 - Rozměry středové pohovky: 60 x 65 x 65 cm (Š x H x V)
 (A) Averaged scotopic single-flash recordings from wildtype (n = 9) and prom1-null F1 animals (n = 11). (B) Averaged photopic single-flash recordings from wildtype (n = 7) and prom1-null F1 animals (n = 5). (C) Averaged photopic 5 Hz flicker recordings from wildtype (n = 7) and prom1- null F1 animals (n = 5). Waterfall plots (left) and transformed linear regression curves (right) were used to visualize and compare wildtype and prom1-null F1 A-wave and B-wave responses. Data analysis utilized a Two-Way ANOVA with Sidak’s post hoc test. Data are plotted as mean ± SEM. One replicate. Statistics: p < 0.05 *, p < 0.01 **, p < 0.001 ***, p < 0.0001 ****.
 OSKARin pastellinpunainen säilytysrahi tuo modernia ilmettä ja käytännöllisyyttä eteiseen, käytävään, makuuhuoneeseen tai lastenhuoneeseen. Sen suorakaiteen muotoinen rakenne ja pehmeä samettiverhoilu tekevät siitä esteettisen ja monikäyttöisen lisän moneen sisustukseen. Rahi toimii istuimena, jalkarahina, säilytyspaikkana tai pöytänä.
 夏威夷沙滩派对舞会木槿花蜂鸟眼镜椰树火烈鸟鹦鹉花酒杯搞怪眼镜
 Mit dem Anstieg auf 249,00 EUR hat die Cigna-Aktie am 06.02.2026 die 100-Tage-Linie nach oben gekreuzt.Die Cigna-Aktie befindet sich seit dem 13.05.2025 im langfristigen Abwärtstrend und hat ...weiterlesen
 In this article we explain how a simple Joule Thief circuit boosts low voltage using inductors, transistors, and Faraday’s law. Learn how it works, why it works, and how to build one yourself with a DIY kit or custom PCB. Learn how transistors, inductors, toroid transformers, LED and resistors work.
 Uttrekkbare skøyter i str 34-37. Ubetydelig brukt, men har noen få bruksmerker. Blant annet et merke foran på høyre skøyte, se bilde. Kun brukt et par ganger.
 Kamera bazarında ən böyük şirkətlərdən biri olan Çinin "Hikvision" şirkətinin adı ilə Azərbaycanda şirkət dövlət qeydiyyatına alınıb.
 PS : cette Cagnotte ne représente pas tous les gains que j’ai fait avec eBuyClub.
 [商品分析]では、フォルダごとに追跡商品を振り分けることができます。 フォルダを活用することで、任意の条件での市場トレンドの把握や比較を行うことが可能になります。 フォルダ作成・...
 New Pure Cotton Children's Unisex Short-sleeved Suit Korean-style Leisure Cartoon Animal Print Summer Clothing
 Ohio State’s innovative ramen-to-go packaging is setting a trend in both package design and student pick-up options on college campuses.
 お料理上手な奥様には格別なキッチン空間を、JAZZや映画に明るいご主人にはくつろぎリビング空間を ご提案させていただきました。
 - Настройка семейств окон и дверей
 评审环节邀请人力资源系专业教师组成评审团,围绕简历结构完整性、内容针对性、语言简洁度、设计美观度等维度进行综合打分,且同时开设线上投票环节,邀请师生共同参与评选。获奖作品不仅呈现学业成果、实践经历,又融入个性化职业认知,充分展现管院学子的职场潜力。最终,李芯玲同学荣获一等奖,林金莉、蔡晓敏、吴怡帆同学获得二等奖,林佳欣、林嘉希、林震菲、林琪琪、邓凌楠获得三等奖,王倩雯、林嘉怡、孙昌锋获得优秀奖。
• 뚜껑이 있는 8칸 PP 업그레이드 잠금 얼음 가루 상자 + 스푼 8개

■ THE PROBLEM: An exact copy of all the records is what is needed here.

■ ANSWER SECTION:
 - Rozměry středové pohovky: 60 x 65 x 65 cm (Š x H x V)
 (A) Averaged scotopic single-flash recordings from wildtype (n = 9) and prom1-null F1 animals (n = 11). (B) Averaged photopic single-flash recordings from wildtype (n = 7) and prom1-null F1 animals (n = 5). (C) Averaged photopic 5 Hz flicker recordings from wildtype (n = 7) and prom1- null F1 animals (n = 5). Waterfall plots (left) and transformed linear regression curves (right) were used to visualize and compare wildtype and prom1-null F1 A-wave and B-wave responses. Data analysis utilized a Two-Way ANOVA with Sidak’s post hoc test. Data are plotted as mean ± SEM. One replicate. Statistics: p < 0.05 *, p < 0.01 **, p < 0.001 ***, p < 0.0001 ****.
 OSKARin pastellinpunainen säilytysrahi tuo modernia ilmettä ja käytännöllisyyttä eteiseen, käytävään, makuuhuoneeseen tai lastenhuoneeseen. Sen suorakaiteen muotoinen rakenne ja pehmeä samettiverhoilu tekevät siitä esteettisen ja monikäyttöisen lisän moneen sisustukseen. Rahi toimii istuimena, jalkarahina, säilytyspaikkana tai pöytänä.
 夏威夷沙滩派对舞会木槿花蜂鸟眼镜椰树火烈鸟鹦鹉花酒杯搞怪眼镜
 Mit dem Anstieg auf 249,00 EUR hat die Cigna-Aktie am 06.02.2026 die 100-Tage-Linie nach oben gekreuzt.Die Cigna-Aktie befindet sich seit dem 13.05.2025 im langfristigen Abwärtstrend und hat ...weiterlesen
 In this article we explain how a simple Joule Thief circuit boosts low voltage using inductors, transistors, and Faraday’s law. Learn how it works, why it works, and how to build one yourself with a DIY kit or custom PCB. Learn how transistors, inductors, toroid transformers, LED and resistors work.
 Uttrekkbare skøyter i str 34-37. Ubetydelig brukt, men har noen få bruksmerker. Blant annet et merke foran på høyre skøyte, se bilde. Kun brukt et par ganger.
 Kamera bazarında ən böyük şirkətlərdən biri olan Çinin "Hikvision" şirkətinin adı ilə Azərbaycanda şirkət dövlət qeydiyyatına alınıb.
 PS : cette Cagnotte ne représente pas tous les gains que j’ai fait avec eBuyClub.
 [商品分析]では、フォルダごとに追跡商品を振り分けることができます。 フォルダを活用することで、任意の条件での市場トレンドの把握や比較を行うことが可能になります。 フォルダ作成・...
 New Pure Cotton Children's Unisex Short-sleeved Suit Korean-style Leisure Cartoon Animal Print Summer Clothing
 Ohio State’s innovative ramen-to-go packaging is setting a trend in both package design and student pick-up options on college campuses.
 お料理上手な奥様には格別なキッチン空間を、JAZZや映画に明るいご主人にはくつろぎリビング空間を ご提案させていただきました。
 - Настройка семейств окон и дверей
 评审环节邀请人力资源系专业教师组成评审团,围绕简历结构完整性、内容针对性、语言简洁度、设计美观度等维度进行综合打分,且同时开设线上投票环节,邀请师生共同参与评选。获奖作品不仅呈现学业成果、实践经历,又融入个性化职业认知,充分展现管院学子的职场潜力。最终,李芯玲同学荣获一等奖,林金莉、蔡晓敏、吴怡帆同学获得二等奖,林佳欣、林嘉希、林震菲、林琪琪、邓凌楠获得三等奖,王倩雯、林嘉怡、孙昌锋获得优秀奖。
• 뚜껑이 있는 8칸 PP 업그레이드 잠금 얼음 가루 상자 + 스푼 8개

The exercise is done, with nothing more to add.